If I wanted to, I suppose I could drive for an hour over the Blue Ridge Mountains to Liberty University in Lynchburg to hear Senator Ted Cruz of Texas become the first Republican to officially announce his candidacy for President of the United States. (You can watch his video announcement here.)
But I don’t, so I won’t.
Cruz, correctly identified by fellow Republican Senator John McCain as a “wacko bird,” has made quite a name for himself since he entered the Senate in 2013.
• During a filibuster against funding the Affordable Care Act, he read the entire text of Dr.

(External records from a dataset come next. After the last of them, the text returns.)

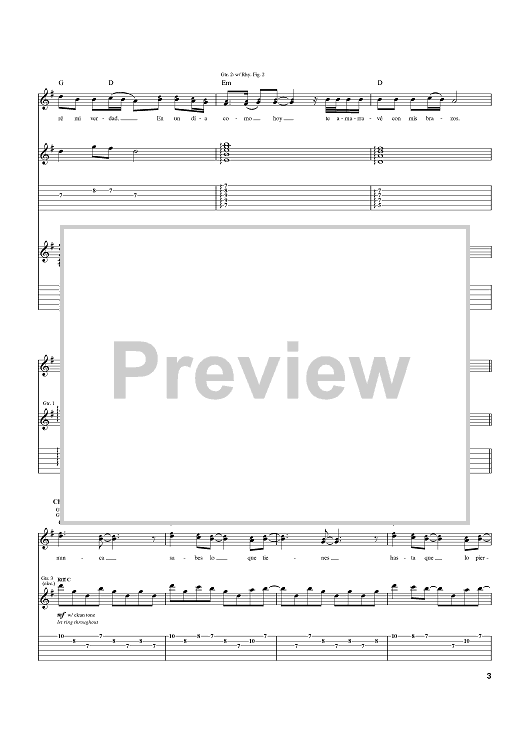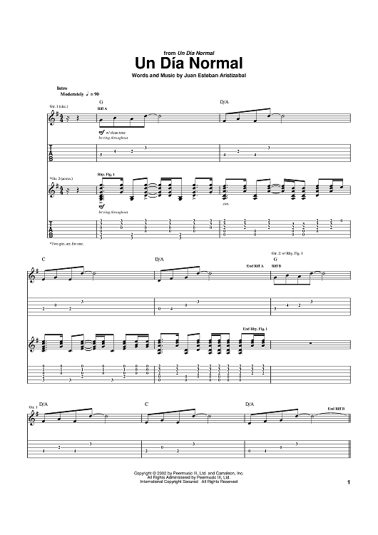 Digital Sheet Music for Un Dia Normal by Juanes scored for Guitar Tab; id:373269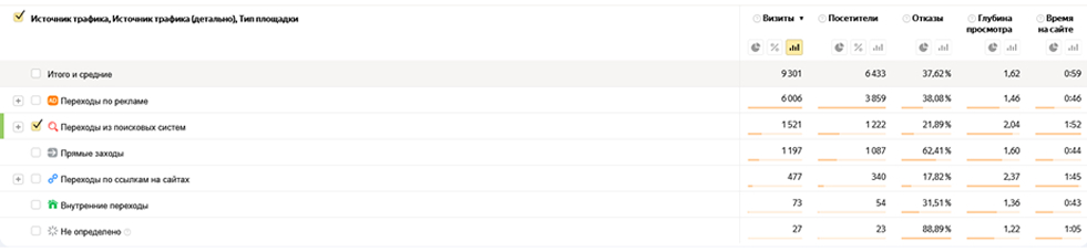 Качество трафика с поиска по сравнению с другими источниками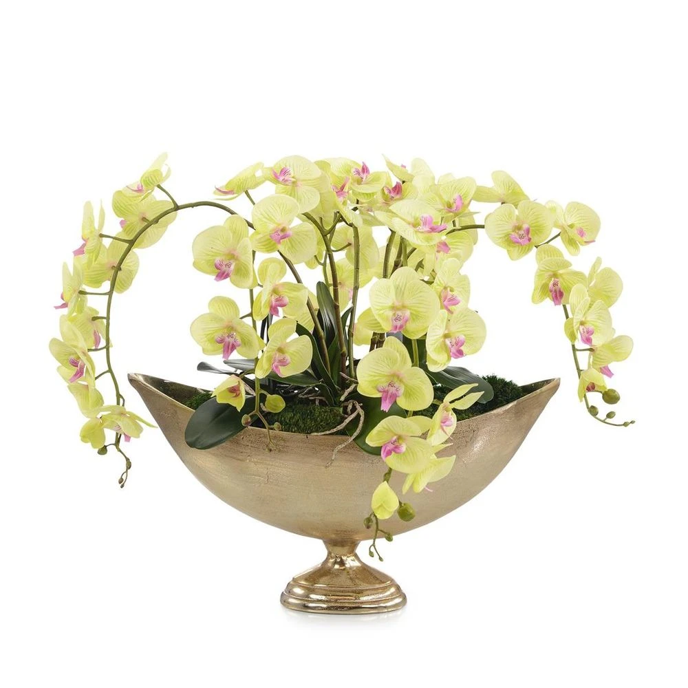Description: Lime green phalaenopsis orchid garden in a large golden pedestal urn with natural preserved mood moss.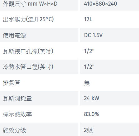 2L/min出水量(溫升25度條件)

Seuss’s “Green Eggs and Ham.”
• He compared opponents of defunding the Affordable Care Act to appeasers of Nazi Germany in the 1930s and compared himself and his fellow defunding advocates to the Rebel Alliance against the Empire in “Star Wars.”
• After helping to force a two-week shutdown of the federal government in an unsuccessful effort to defund the Affordable Care Act (which cost the American economy $24 billion), Cruz and other Republicans tried to divert attention from the mess they created to the temporary closure of the World War II Memorial in Washington.
• He claims to “stand for marriage” but said he will introduce a Constitutional amendment allowing states to ban marriage if it is between two people of the same sex.
• He approvingly quoted leftwing former Congressman Dennis Kucinich (now affiliated with libertarian former Congressman Ron Paul’s Institute for Peace and Prosperity) that an American attack on the Assad regime would turn the U.S. into “al Qaeda’s air force.”
• Cruz’s father Rafael, with whom Ted has a close political relationship, is even wackier than his son— or at least more willing to be outspokenly wacky.
I can only assume that the rightwing Republicans who are so dubious about Obama’s birthplace and his Constitutional right to serve as president will be equally interested in the fact that Ted Cruz’s genuine birth certificate shows that he was born in (shudder) Canada.
(The US Constitution requires that the President be a “natural born Citizen” of the United States. Most legal experts believe that because Cruz’s mother was a US citizen, he is constitutionally qualified to be President, even though he was born outside the US. I’m willing to accept that.)
But as Josh Marshall noted:
[Y]ou have to wonder what kind of influences he was exposed to growing up in a primitive, post-colonial setting like Canada during the radical Trudeau regime.